Though this was the third consecutive quarter of traffic growth, it wasn't good enough to beat analysts' estimates. Revenue grew 13.4% to $364.5 million, missing consensus estimates by 2.8%. Earnings per share were flat year-over-year and missed consensus estimates by 11.5% due to lower-than-expected sales.
The Fresh Market opened 10 new stores during the quarter, a new record for the company. It opened few stores in areas where brand awareness is lower, and this weighed on results. However, third-party market research showed that the customer-conversion rate after spreading brand awareness is good. As a result, The Fresh Market has initiated plans to drive brand awareness, and this should help results going forward.
The Fresh Market has a very robust lease pipeline, which should help with its growth plans. Leases for 27 sites have already been announced, and many other potential sites are in various stages of negotiation.
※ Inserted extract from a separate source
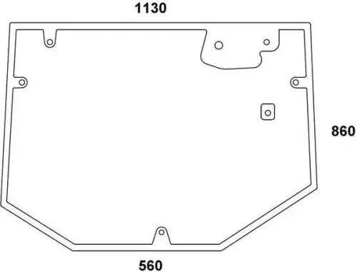 Numer części931812051010N EAN8719493005677JednostkaSztuka Pozycja montażuTył Góra Szerokość górna1130 mmSzerokość dolna560 mmWysokość całkowita860 mmGrubość6 mmIlość otworów7

This will provide The Fresh Market with a clear runway for growth into fiscal 2015.
In October, the company witnessed a slowdown in consumer activity, and this is expected to continue in the fourth quarter as well. Hence, the financial outlook for the year was revised downward. Comps are now expected to grow at 3% to 3.5%; operating margin is expected to be inline with the prior year; and full-year earnings are expected to be $1.42 to $1.47 per diluted share.
Whole Foods suffering as well
Whole Foods Market, like The Fresh Market, also gave a negative outlook, and it expects revenue to increase by 11% to 13% in 2014 on the back of a 5.5% to 7% rise in comps. This is a decrease from the estimated 12%-14% growth in revenue as a result of the 6.5% to 8% rise in comps that it had issued earlier.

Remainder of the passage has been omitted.